***** Available data *****
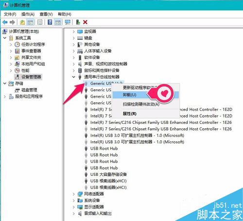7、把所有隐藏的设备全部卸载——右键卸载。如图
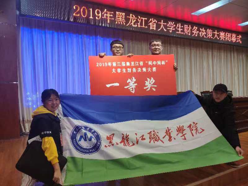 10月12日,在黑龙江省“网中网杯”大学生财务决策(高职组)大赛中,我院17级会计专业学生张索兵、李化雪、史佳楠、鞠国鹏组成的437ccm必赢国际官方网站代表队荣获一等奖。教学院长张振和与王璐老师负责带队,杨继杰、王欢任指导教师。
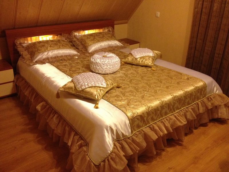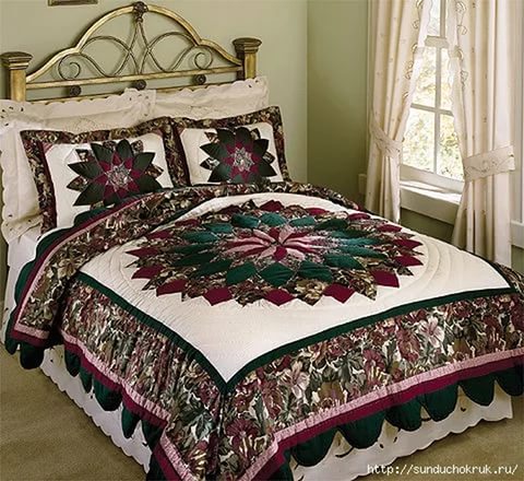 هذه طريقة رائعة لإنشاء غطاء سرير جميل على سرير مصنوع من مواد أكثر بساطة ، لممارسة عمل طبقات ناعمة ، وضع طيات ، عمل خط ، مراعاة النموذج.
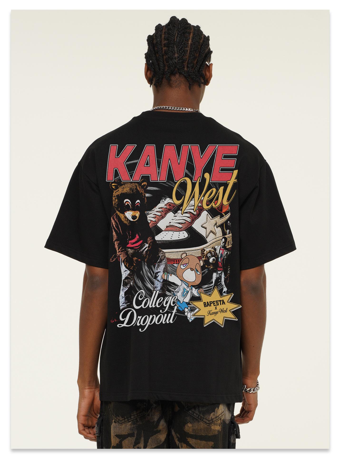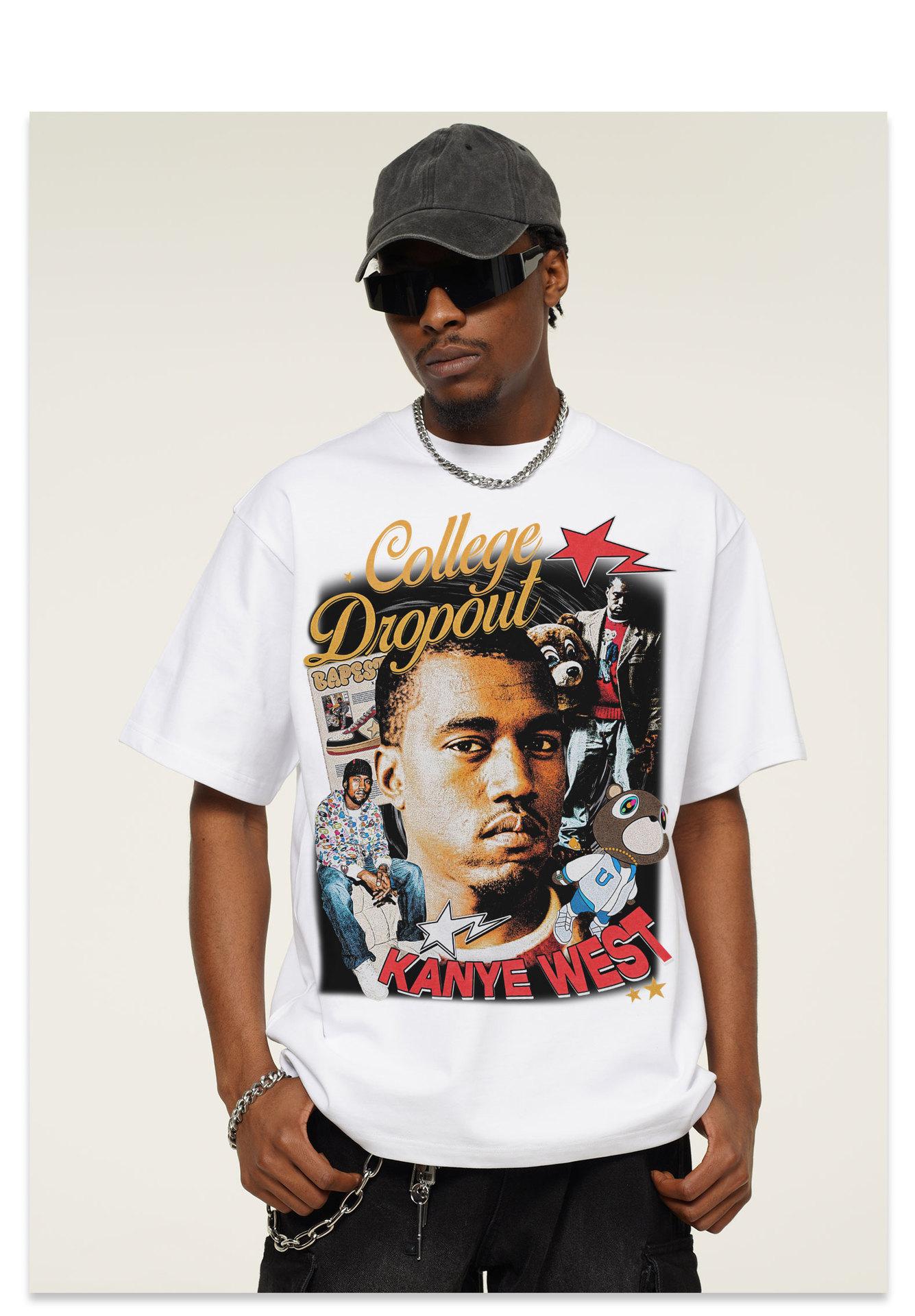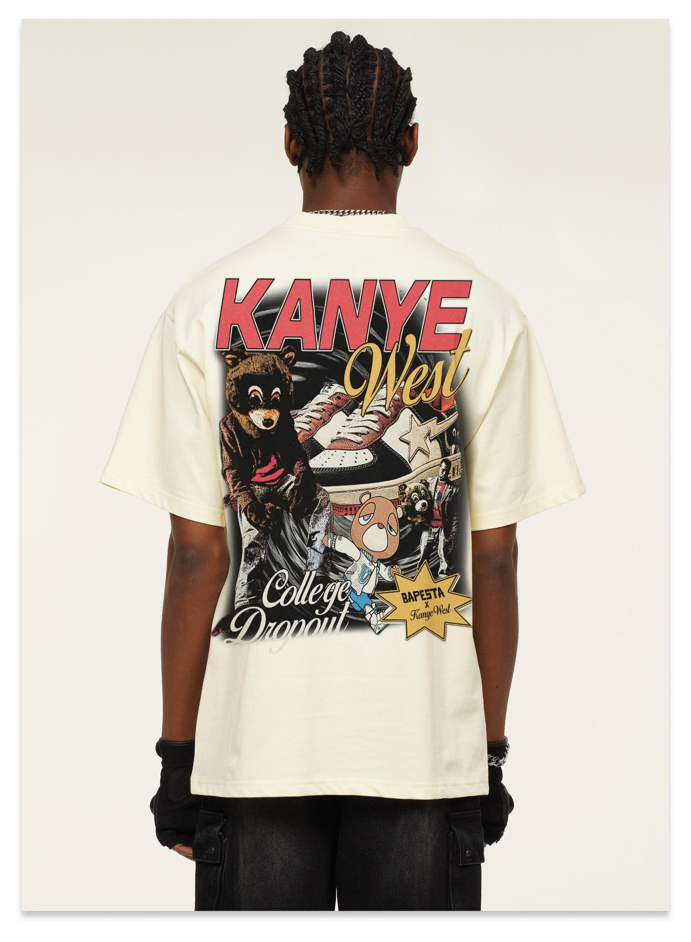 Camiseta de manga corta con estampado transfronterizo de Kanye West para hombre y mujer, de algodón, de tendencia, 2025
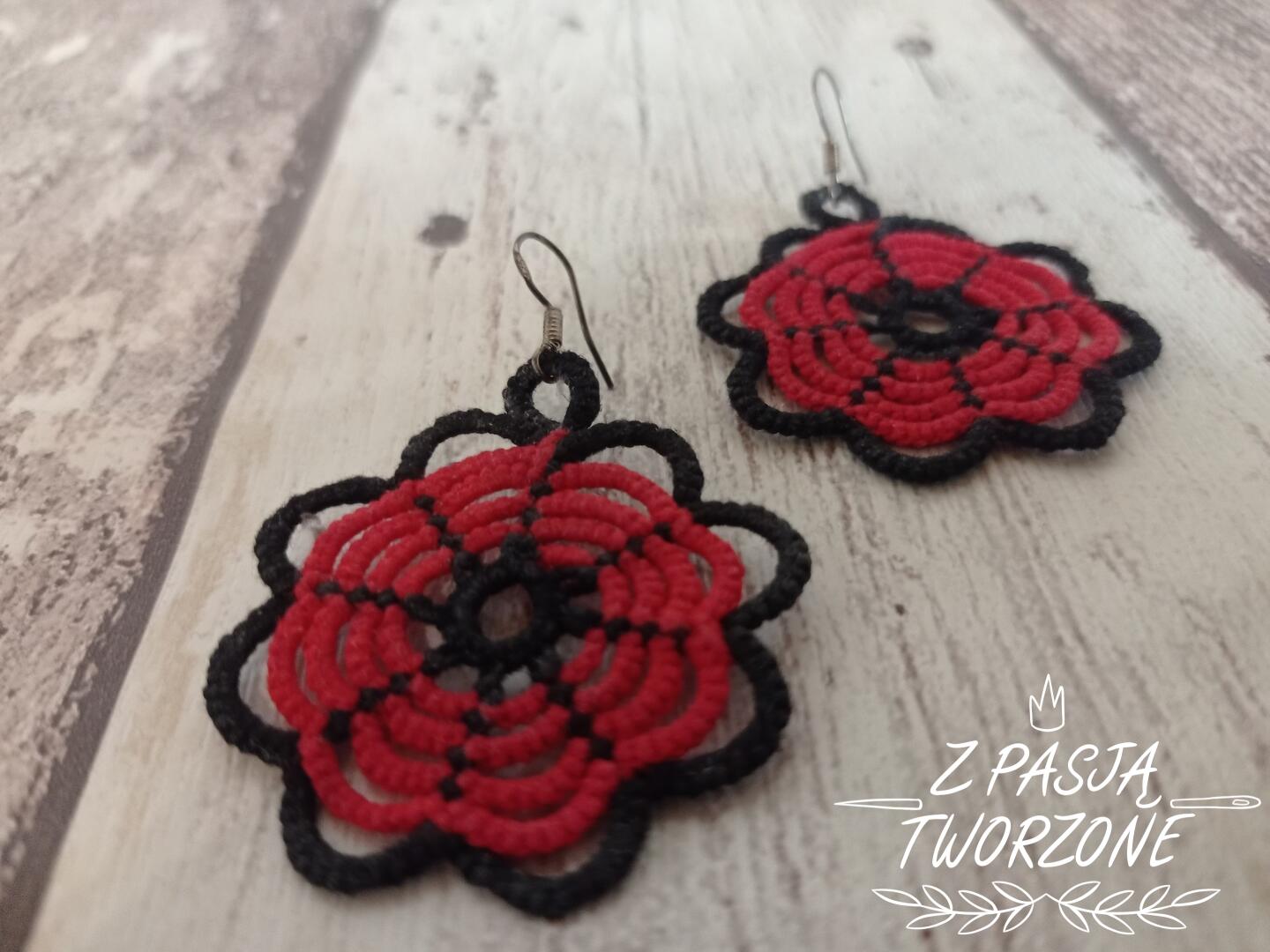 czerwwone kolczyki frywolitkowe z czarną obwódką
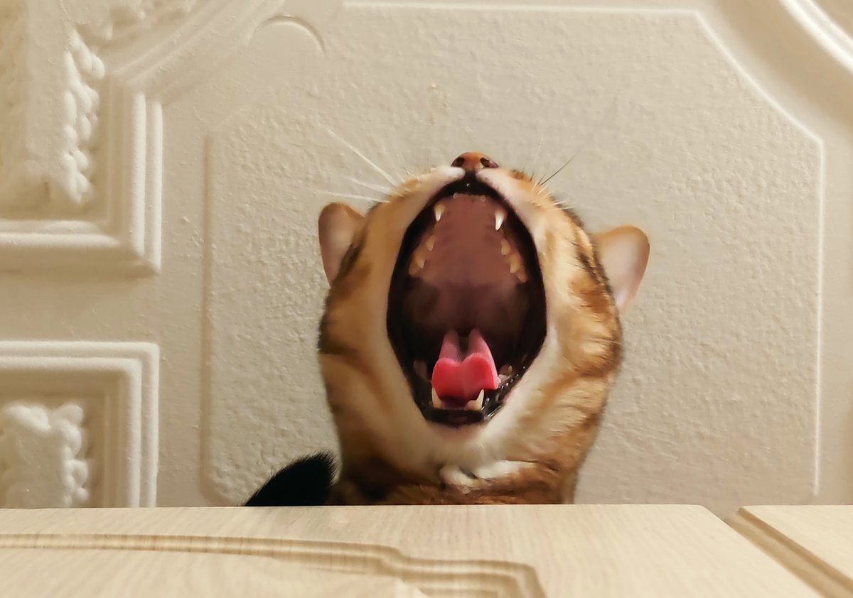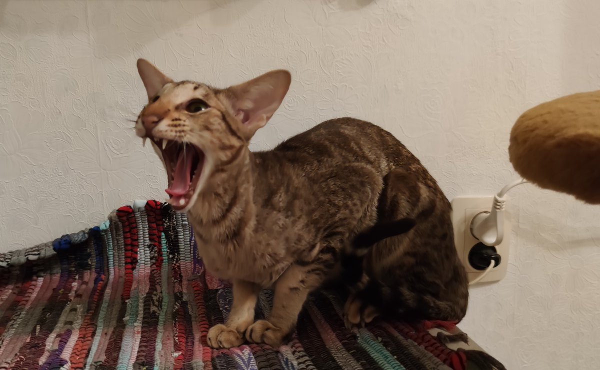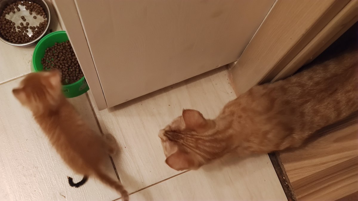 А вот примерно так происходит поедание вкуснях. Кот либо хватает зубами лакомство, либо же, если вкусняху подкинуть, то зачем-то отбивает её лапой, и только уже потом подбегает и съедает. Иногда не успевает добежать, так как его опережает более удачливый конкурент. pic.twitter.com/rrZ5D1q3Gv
*****
**How to complete this task**
Please transcribe all of the entries word for word, with the pictures left out.

**Finished task**
7、把所有隐藏的设备全部卸载——右键卸载。如图
 10月12日,在黑龙江省“网中网杯”大学生财务决策(高职组)大赛中,我院17级会计专业学生张索兵、李化雪、史佳楠、鞠国鹏组成的437ccm必赢国际官方网站代表队荣获一等奖。教学院长张振和与王璐老师负责带队,杨继杰、王欢任指导教师。
 هذه طريقة رائعة لإنشاء غطاء سرير جميل على سرير مصنوع من مواد أكثر بساطة ، لممارسة عمل طبقات ناعمة ، وضع طيات ، عمل خط ، مراعاة النموذج.
 Camiseta de manga corta con estampado transfronterizo de Kanye West para hombre y mujer, de algodón, de tendencia, 2025
 czerwwone kolczyki frywolitkowe z czarną obwódką
 А вот примерно так происходит поедание вкуснях. Кот либо хватает зубами лакомство, либо же, если вкусняху подкинуть, то зачем-то отбивает её лапой, и только уже потом подбегает и съедает. Иногда не успевает добежать, так как его опережает более удачливый конкурент. pic.twitter.com/rrZ5D1q3Gv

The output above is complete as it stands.